Scientists identified mechanisms that generate more frequent thunderstorms

Scientists identified a mechanism by which small particles in the atmosphere can generate more frequent thunderstorms.

Natural and anthropogenic aerosols play a significant role in developing convective clouds, and more specifically, thunderstorms. Numerous studies also suggest that thunderstorms are often stronger in the presence of high concentrations of aerosols.

Well, the association between aerosols and thunderstorms are being studied for decades, but the mechanism behind this is not well-understood.

MIT scientists seem to figure out the mechanism through which aerosols shoot up thunderstorms in tropical regions.

Scientists used idealized simulations of cloud dynamics. They discovered that aerosols’ high concentrations increase the humidity in the air surrounding clouds, hence enhancing thunderstorm activity.

This new mechanism is being called as ‘humidity-entrainment’ mechanism. It could be used in weather and climate models to predict how a region’s thunderstorm activity might vary with changing aerosol levels.

Tim Cronin, assistant professor of atmospheric science at MIT, said“It’s possible that, by cleaning up pollution, places might experience fewer storms. Overall, this provides a way that humans may have a footprint on the climate that we haven’t appreciated much in the past.”

The idealized model used in the study simulates the dynamics of clouds in a volume representing Earth’s atmosphere over a 128-kilometer-wide square of the tropical ocean. The box is divided into the grid so that scientists can observe how parameters like relative humidity change in individual grid cells as they tune certain conditions in the model.

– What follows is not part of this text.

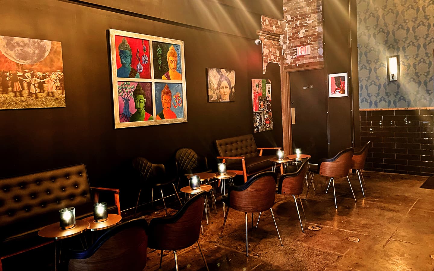 The founders of Dark 30, Kara Robinett and Aaron Franklin, have dedicated significant time and effort to create an upscale environment that exudes sophistication and relaxation. The bar's impressive 16-foot high ceiling, complemented by a stunning 15-light chandelier and royal blue and gold wallpaper, sets the stage for a memorable experience. Attention to detail is evident throughout, including the incorporation of aromatherapy to enhance relaxation. Dark 30 also proudly showcases the work of local artists such as Bryson Boutte, Loveday Funck, and Kareem Griffen, with QR codes provided to promote art sales and a constantly evolving art collection.

When scientists ran simulations, it represented the effects of increased aerosol concentrations by increasing the concentration of water droplets in clouds. They then suppressed the processes thought to drive two previously proposed mechanisms to see if thunderstorms still increased when they turned up aerosol concentrations.

When these processes were shut off, the simulation still generated more intense thunderstorms with higher aerosol concentrations.

Abbott said, “That told us these two previously proposed ideas weren’t what were producing changes in convection in our simulations.”

By digging through the literature on cloud dynamics, scientists found previous work highlighting a relationship between cloud temperature and the humidity of the surrounding air. These studies showed that as clouds rise, they mix with the clear air around them, evaporating some of their moisture and, as a result cooling the clouds themselves.

If the surrounding air is dry, it can soak up more of a cloud’s moisture and bring down its internal temperature, such that the cloud, laden with cold air, is slower to rise through the atmosphere. On the other hand, if the surrounding air is relatively humid, the cloud will be warmer as it evaporates and will rise more quickly, generating an updraft that could spin up into a thunderstorm.

Scientists wondered whether this mechanism might be at play in aerosols’ effect on thunderstorms. If a cloud contains many aerosol particles that suppress rain, it might be able to evaporate more water to its surroundings. In turn, this could increase the humidity of the surrounding air, providing a more favorable environment for the formation of thunderstorms. This chain of events, therefore, could explain aerosols’ link to thunderstorm activity.

They tested this idea using the same simulation, noting the temperature and relative humidity of each grid cell in and around clouds as they increased the aerosol concentration in the simulation. The concentrations they set ranged from low-aerosol conditions similar to remote regions over the ocean to high-aerosol environments similar to relatively polluted air near urban areas.

They found that low-lying clouds with high aerosol concentrations were less likely to rain out. Instead, these clouds evaporated water to their surroundings, creating a sticky layer of air that made it easier for air to rise quickly through the atmosphere as strong, storm-brewing updrafts.

Abbott said, “After you’ve established this humid layer relatively low in the atmosphere, you have a bubble of warm and moist air that can act as a seed for a thunderstorm. That bubble will have an easier time ascending to altitudes of 10 to15 kilometers, which is the depth clouds need to grow to act as thunderstorms.”

“This ‘humidity-entrainment’ mechanism, in which aerosol-laden clouds mix with and change the humidity of the surrounding air, seems to be at least one explanation for how aerosols drive thunderstorm formation, particularly in tropical regions where the air, in general, is relatively humid.”

“We’ve provided a new mechanism that should give you a reason to predict stronger thunderstorms in parts of the world with lots of aerosols.”

The results of this study are published in the journal Science.